Slamming the door shut, the fat man shouted to the driver: “Go! We don’t have all the time in the world!” And the driver set off again, oblivious to Thabo’s weeping and the piteous howling from Bananas outside.

By the time they reached Thaba Mahe, Thabo was the only passenger left. The fat man had disembarked earlier on, turning to Thabo and hurling a parting shot: “Idiot and rubber bung!” He was followed by the old lady, who gave Thabo her blessings. All the other passengers got off at the following stop.

Reaching Thaba Mahe, the driver positioned his kombi for the return trip and helped Thabo outside. As there were no new passengers waiting he suggested the two sit on a grassy bank and offered the old man a cigarette.

“I’m sorry about all that,” he said. “But you were acting against our regulations.” “I am sorry, too,” replied Thabo. “Because you seem to be a kind young fellow.” Then he gazed at the crystalline sky, watching a snow-white egret land next to the cow who would provide its lunch.

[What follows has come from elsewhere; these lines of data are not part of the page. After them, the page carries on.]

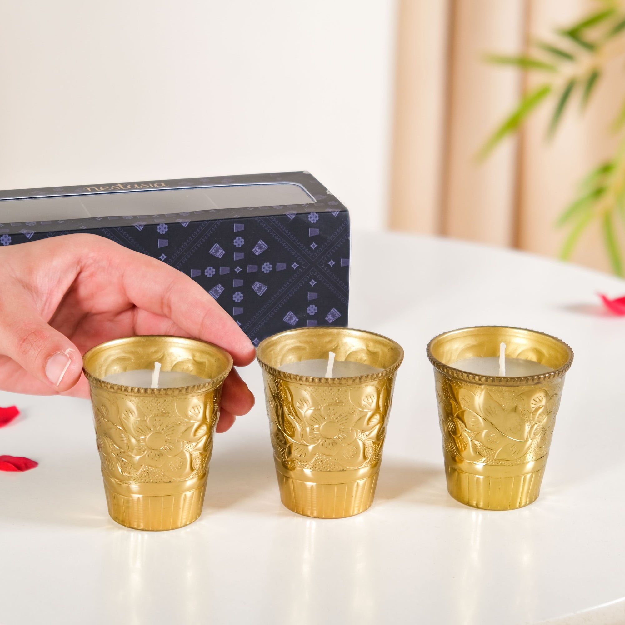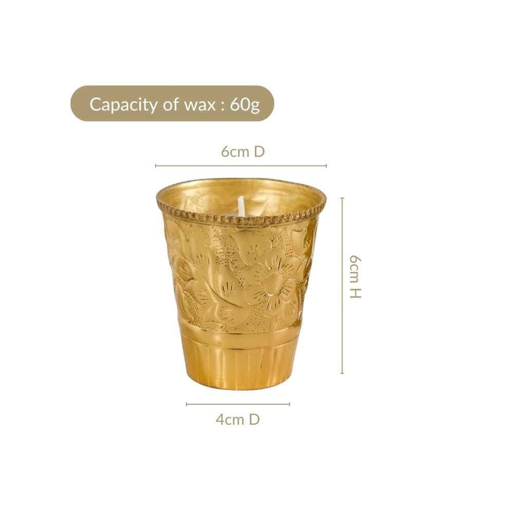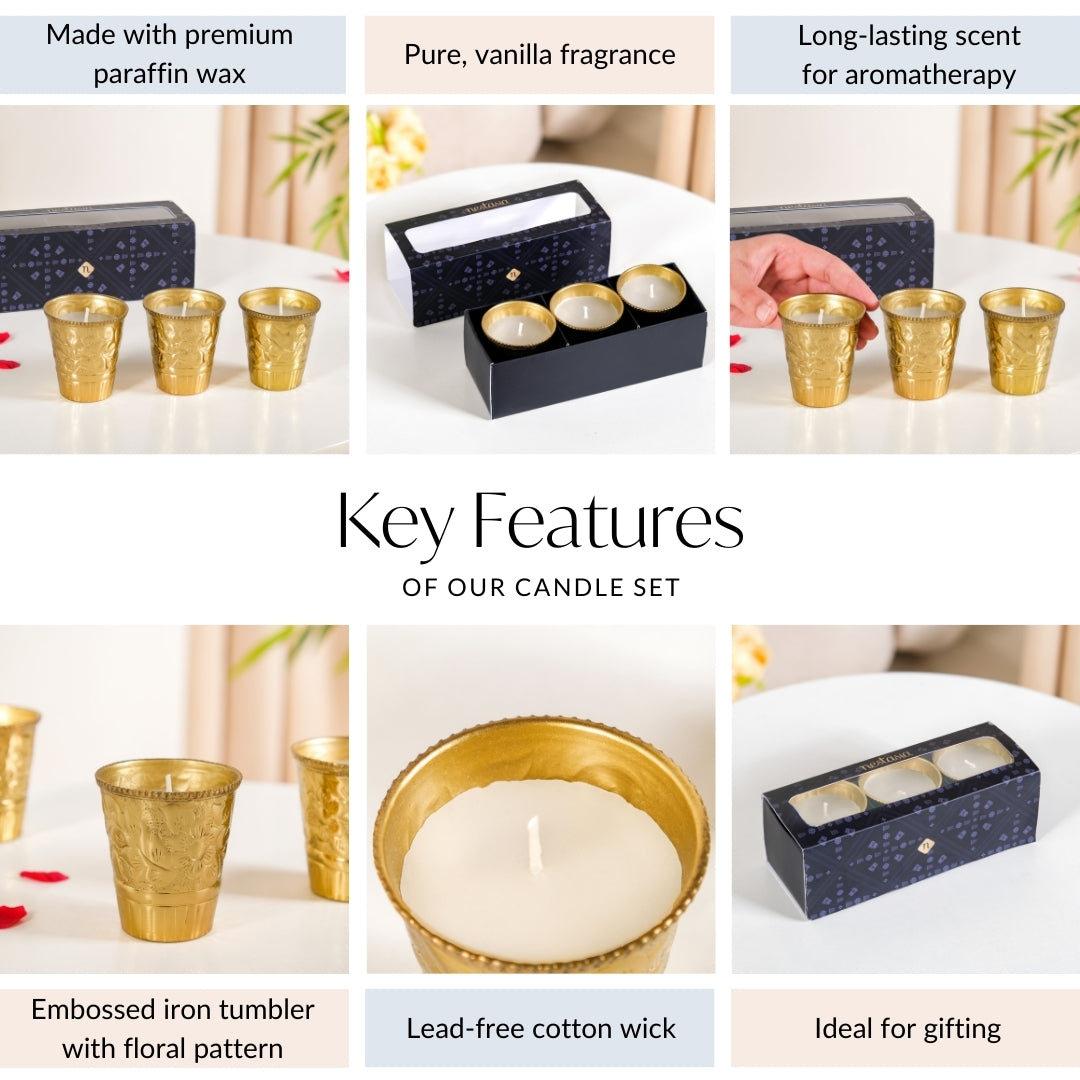 Design: More than a simple candle, each piece in this vanilla-scented candle set is a work of art. Encased in an elegant iron tumbler with a delicate, embossed floral pattern, these candles are designed to be as visually stunning as they are fragrant. The intricate detail and lustrous metallic finish make them a captivating centrepiece, creating a truly luxurious ambience that continues long after the candle has been lit. This candle set comes in beautiful packaging, making it ideal for gifting.
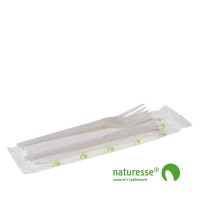 Bestiksæt naturesse - 3 dele i biopose. Består af CPLA kniv og gaffel samt serviet pakket i bionedbrydelig pose. Bestik er i farve hvid. CPLA sæt 3 dele i biopose - Yderligere information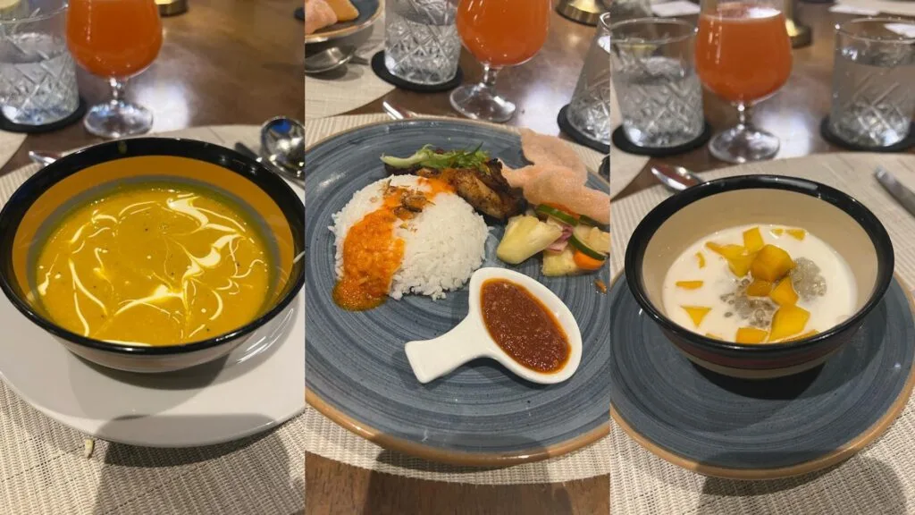 For an extra special dinner on our last night, we switched things up with an intimate 5-course menu, under the Langkawi star-strewn skies. Unfortunately for us, there weren’t any stars that night because of the rainy season. The good thing is, we got to enjoy a good meal. We started off with the Mushroom Egg Crepe and Prawn Mango Tartare on Cucumber. Simple ingredients, but the taste was 5-star. Then we had carrot soup with bread. The soup was mushy and had original flavours. The bread was the best part – it was so crunchy, but when dipped in the soup, it became super soft. Then we had Salmon Niçoise. A French classic salad served with grilled salmon, potato, quail egg, olives and green beans. For mains, Grilled Barramundi with Seafood Tomato Stew. We loved the tomato stew, as it has so much flavour and tanginess. And to wash it down, we had Chocolate Brownie with Italian Gelato and Fresh Berries. Warm, fudgy and sweet!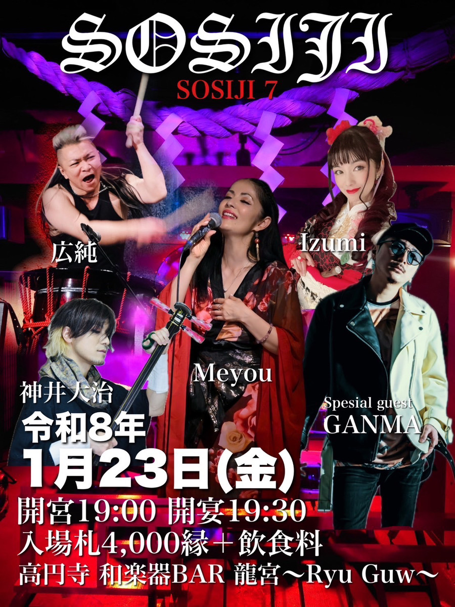 《SOSIJI 7》令和8年1月23日(金) 高円寺【和楽器BAR 龍宮〜Ryu Guw〜】高円寺 "和楽器BAR 龍宮〜Ryu Guw〜" 開宮19:00 開宴19:30 入場札4,000縁➕飲食料 《出演》 Meyou(vo) Izumi(Flute,篠笛) 神井 大治(三味線) 広純-HIROZUMI(和太鼓) Special guest Ganma (rap) WEB https://www.ryuguw.com/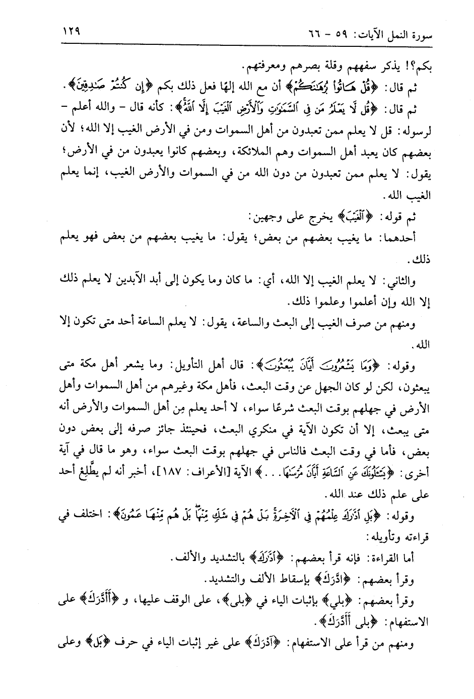 وقوله: (بَلِ ادَّارَكَ عِلْمُهُمْ فِي الْآخِرَةِ بَلْ هُمْ فِي شَكٍّ مِنْهَا بَلْ هُمْ مِنْهَا عَمُونَ (66) اختلف في قراءته وتأويله: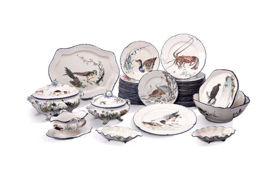 Partie de service modèle dit "Rousseau" en faïence émaillée blanche à bordures bleues à décor polychrome de volatiles, de crustacés et d'insectes comprenant trente et une grandes assiettes, ring trois petites assiettes, onze assiettes creuses, une soupière, un légumier, une saucière, une coupe sur piédouche, un saladier, quatre ramequins, trois plats circulaires et un rectangulaire soit environ 78 pièces.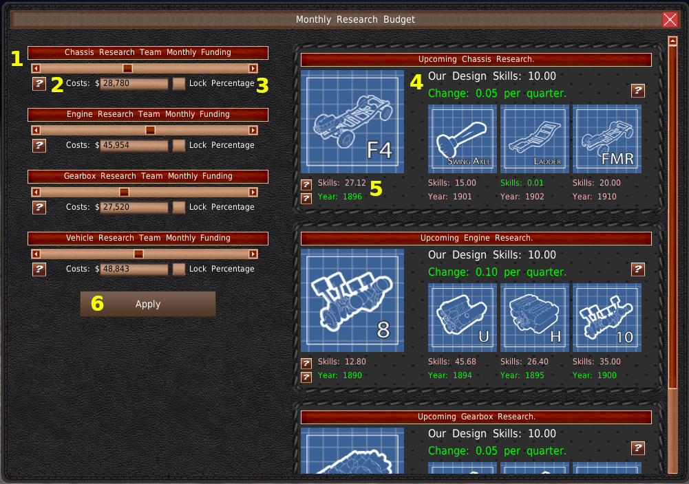 Every year, the maximum budget for research teams increases. To get the same bonus to design skill growth, you'll need to increase your budget by the same amount. The easiest way to do this is to set the “Lock Percentage” checkbox (#3) and then click “Apply” (#6).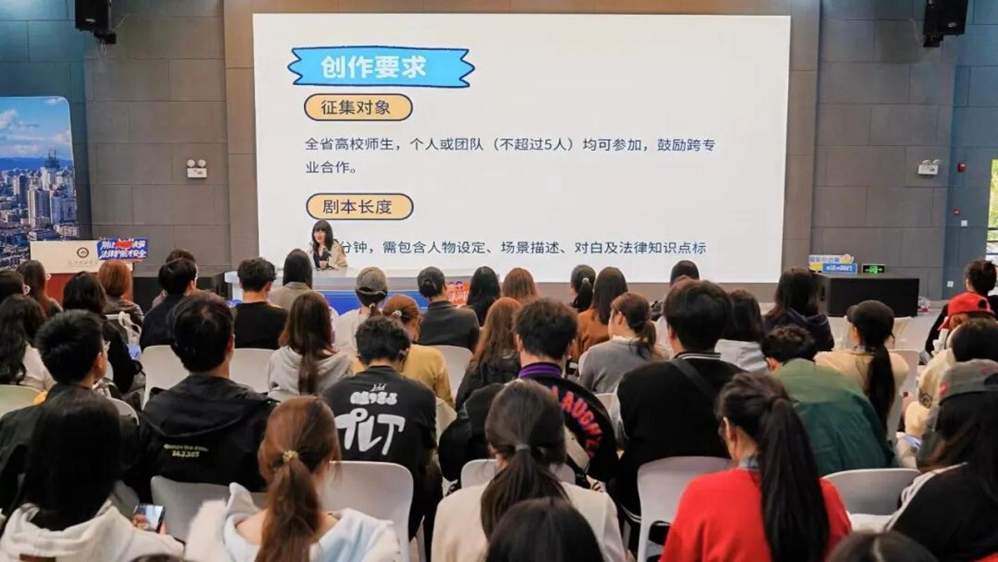 集中宣讲环节,昆明信息港工作人员聚焦学生未来就业方向,详细介绍了“我为普法写个剧”情景剧剧本创作活动的背景、参与方式与评选机制,从传媒行业的现实需求出发,点明了此次创作实践对学生未来就业的独特价值,鼓励同学们用剧本创作传递法治精神,让普法“活”起来。
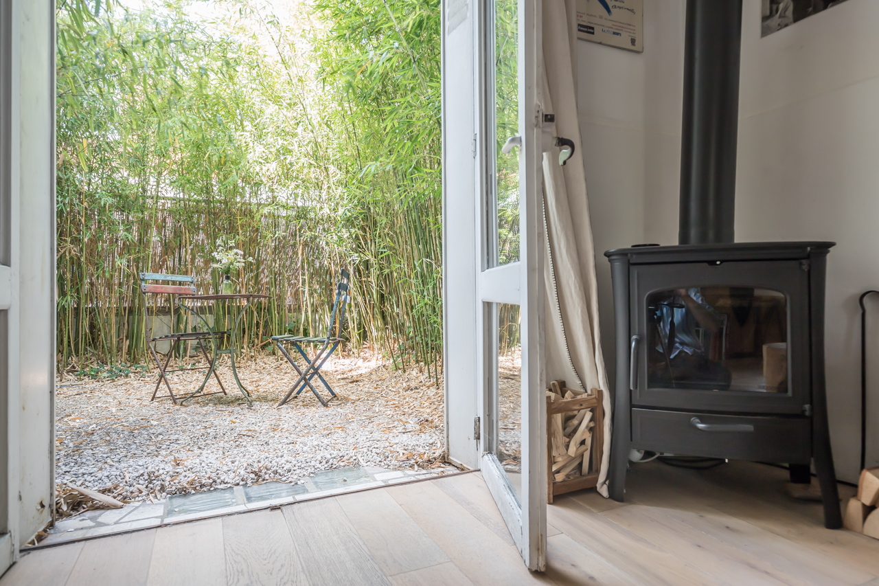 At the back of the house, a furnished terrace adjoins the wooded garden and its shed to form a space of 120m2.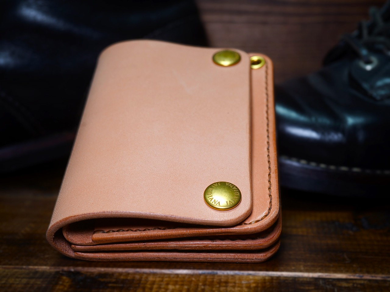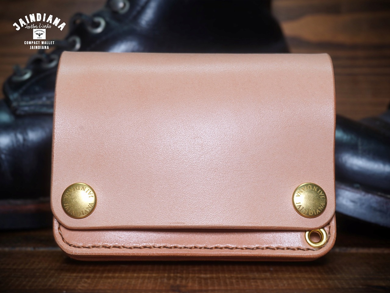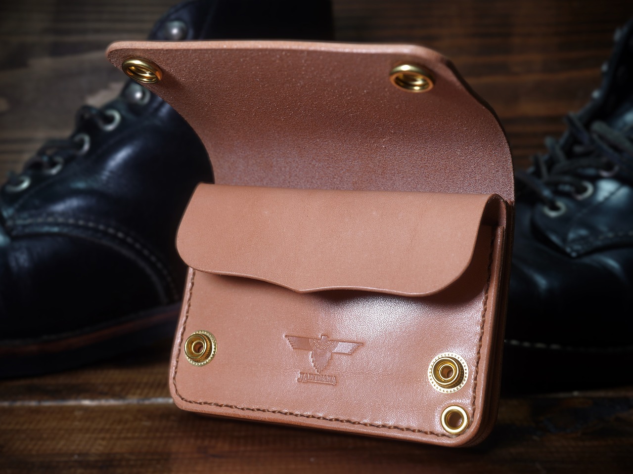 ウォレットロープを取り付けるための真鍮製楕円カンの取り付けが可能です。ご希望の場合はご注文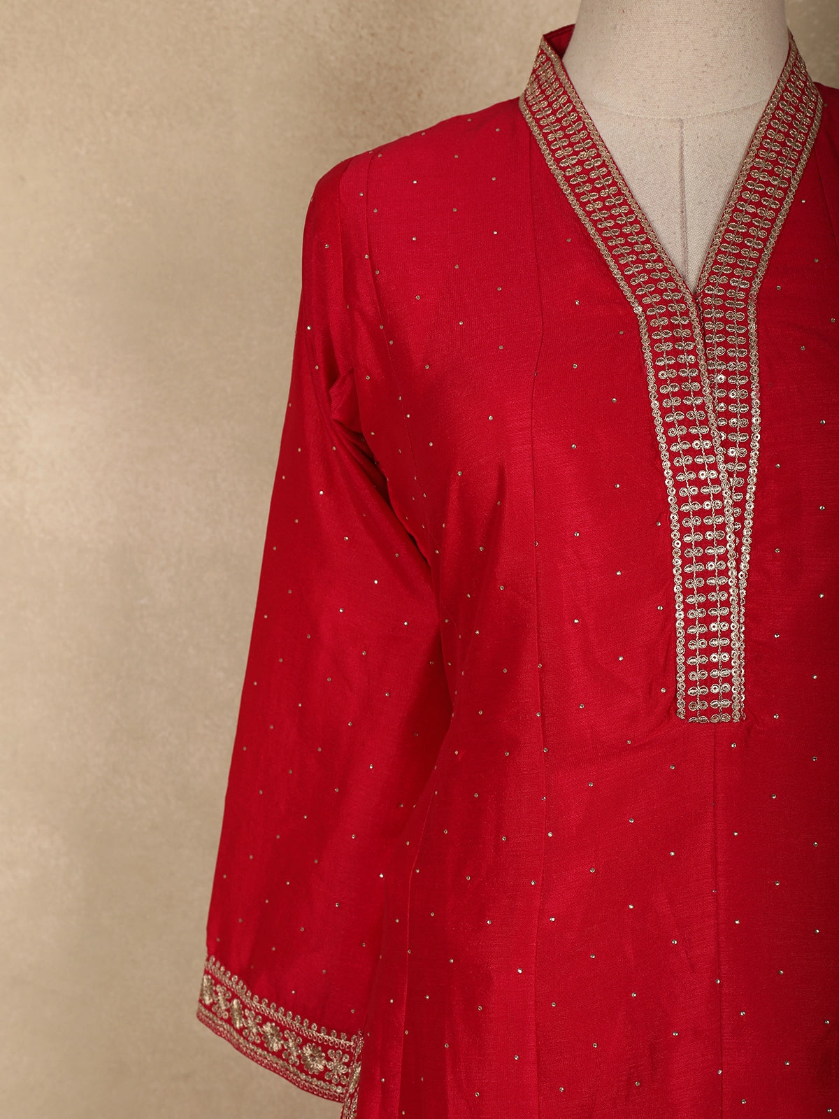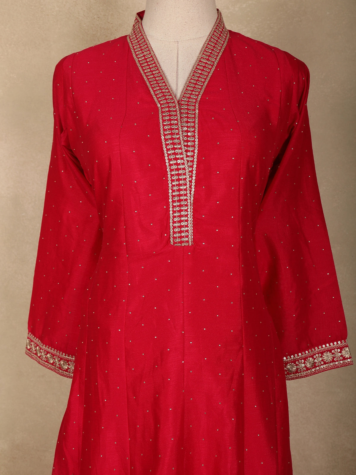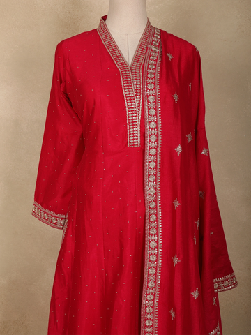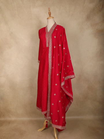 Designed in a classic straight silhouette, the kurta pairs effortlessly with a matching bottom that ensures ease of movement and a clean, structured look. Completing the ensemble is a coordinated georgette dupatta, embellished with scattered floral motifs and finished with an ornate embroidered border that elevates the overall appeal. Ideal for festive gatherings, weddings, and traditional occasions, this outfit beautifully blends feminine charm with timeless ethnic craftsmanship.

The driver, whose name was Tšepo, couldn’t help notice how much Thabo had enjoyed his cigarette and so offered him another. He also noticed the old man was staring back up the road, a tear in his eye.

“I’m sure your dog will catch up with us,” he said. “He is my best friend,” Thabo replied. “Me, I keep tropical fish.” Thabo produced a baffled smile and Tšepo asked him “what’s your dog’s name?” “Bananas.”

Tšepo blinked twice and asked “why ever did you call him that?” “Because I like bananas.” “Well,” said Tšepo. “My wife and I like football. Very much. We could have called our daughter Penalty. But we decided on Puleng.”

A minute or two passed. Then Thabo suddenly sat bolt upright. A moment later Tšepo noticed Bananas, racing down the road towards them, his tail swishing from side to side. “You see,” he said. “A faithful dog. And a clever one. Look what he’s brought you!”

Bananas reached them and placed his front paws on Thabo’s knees. As he did so he dropped from his jaws his trophy from the little truck—a short length of narrow brown plastic pipe.